RGPD – 2 sanctions records à venir au Royaume Uni

L’ICO – homologue britannique de la CNIL – a annoncé le 8 juillet son intention d’infliger à la compagnie aérienne British Airways une amende de 183 M£, soit plus de 200 M€, suite à un vol de données découvert en septembre 2018 et concernant un demi-million de clients.
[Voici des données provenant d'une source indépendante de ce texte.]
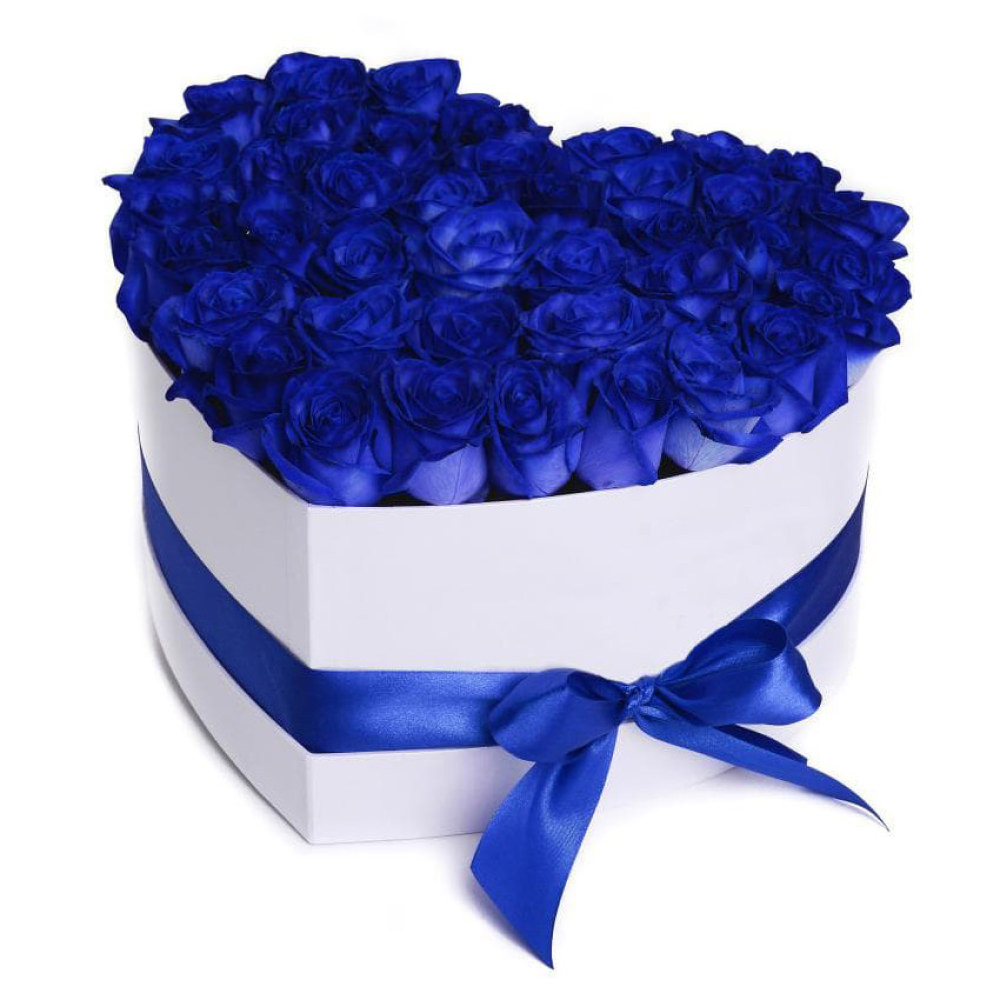 Цветы в коробке «Синее сердце» с доставкой по г Звенигово: вы можете заказать букет в цветочном гипермаркете «Флормания» по цене от 3190 руб.

Les données personnelles renseignées en ligne étaient détournées frauduleusement vers un site pirate.
Cette sanction très importante est prévue alors même que British Airways avait immédiatement notifié l’incident, a pris depuis des mesures pour améliorer sa sécurité informatique, et coopère avec l’ICO.
Dans la foulée, l'ICO envisage également une sanction élevée (99 M£, soit 110M€) contre le groupe hôtelier MARRIOTT, pour un incident de sécurité de même ampleur ayant touché sa chaine de réservation Starwood fin 2018 (accès non autorisé aux données - y compris bancaires - saisies par les clients).
N’oublions pas que le plafond de sanction du RGPD est de 4% du CA.
On est très loin du compte et ce double avertissement ne doit pas être pris à la légère.

Source : MEDI

CRYPTO MONNAIES – Le libra sur la sellette

« Libra » sera le nom de la crypto-monnaie de Facebook ; son lancement à l'hoizon 2020 a été annoncé le 18 juin par M. ZUCKERBERG, pour qui transférer de l’argent avec un smartphone devrait pouvoir être aussi facile que d’envoyer une photo.
Cette nouvelle ambition du puissant fondateur de Facebook a suscité une vague de commentaires majoritairement inquiets : quid de la protection des données personnelles, de la sécurité des transactions financières, du risque de blanchiment, des défis posés aux Pouvoirs publics comme aux banques privées par la naissance d’un système financier alternatif... ?
A tel point que le Congrès américain, dans une lettre ouverte réunissant conservateurs et démocrates, vient de demander à M. ZUCKERBERG de mettre son projet sous moratoire, le temps d’évaluer tous les risques pour l’ensemble de l’économie mondiale.

Source : MEDI

TRACFIN publie son rapport annuel 2018

Le communiqué de presse du 5 juillet évoque une nouvelle année de forte progression de l’activité de Tracfin : 76 316 déclarations de soupçon (contre 68 661 en 2017), dont 94 % concernent le secteur financier y compris le financement participatif et les crypto-monnaies.
Concernant le secteur non financier, la participation des notaires et des agents immobiliers est bonne, alors que celle des experts-comptables et commissaires aux comptes recule, et que celle des secteurs de l’art et du sport est présentée comme insuffisante voire préoccupante.
Enfin, la coopération internationale en matière de LCB-FT se porte bien : forte augmentation des demandes d’information en provenance des cellules de renseignement financier étrangères ainsi que du nombre de requêtes adressées par Tracfin à ses homologues étrangers.